History has a way of repeating with greater shocks in the financial markets and it shows up in the risk-taking cycle that investors go through.
I tend to collect the best quotes I read on various subjects in print or on the Internet in a document. As I was glancing through that document a few days back, searching for inspiration for my future posts, I found a few on the subject of history and how it repeats itself so often, especially in the financial world.
The philosopher Santayana stressed the penalty for failing to attach sufficient importance to history –
Those who cannot remember the past are condemned to repeat it.
Then, humourist and author Mark Twain talked about the
relevance of the past thus –
History doesn’t repeat itself, but it does rhyme.
And then, economist John Kenneth Galbraith described the shabby way investors treat history and those who consider it important as –
Contributing to…euphoria are two further factors little noted in our time or in past times. The first is the extreme brevity of the financial memory. In consequence, financial disaster is quickly forgotten. In further consequence, when the same or closely similar circumstances occur again, sometimes in only a few years, they are hailed by a new, often youthful, and always supremely self-confident generation as a brilliantly innovative discovery in the financial and larger economic world. There can be few fields of human endeavor in which history counts for so little as in the world of finance. Past experience, to the extent that it is part of memory at all, is dismissed as the primitive refuge of those who do not have the insight to appreciate the incredible wonders of the present.
Warren Buffett said –
What we learn from history is that people don’t learn from history.
And here’s Charlie Munger’s version –
There is no better teacher than history in determining the future…

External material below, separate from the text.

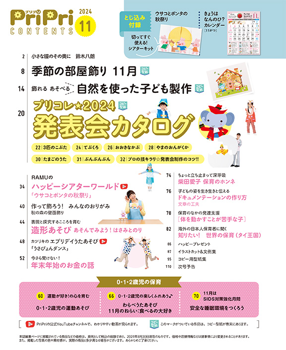 11月号の編集部イチオシ記事はなんといっても「プリコレ」! 子どもたちに親しみのあるお話や歌をメインに、着るだけでカワイイ衣装アイデアを幼児向け・乳児向けでご紹介します。今年の発表会・劇あそび衣装も、PriPriにお任せください♪

String together these three pearls of wisdom and you get a pretty accurate picture of investment reality. Past patterns tend to recur. If you ignore that fact, you’re likely
to fall prey to those patterns rather than benefit from them. But when markets get euphoric, the lessons of the past are readily dismissed. Investors start to say and believe in the “this time it’s different” theory, and completely forget the pain that such theorizing and subsequent actions had caused people in the past.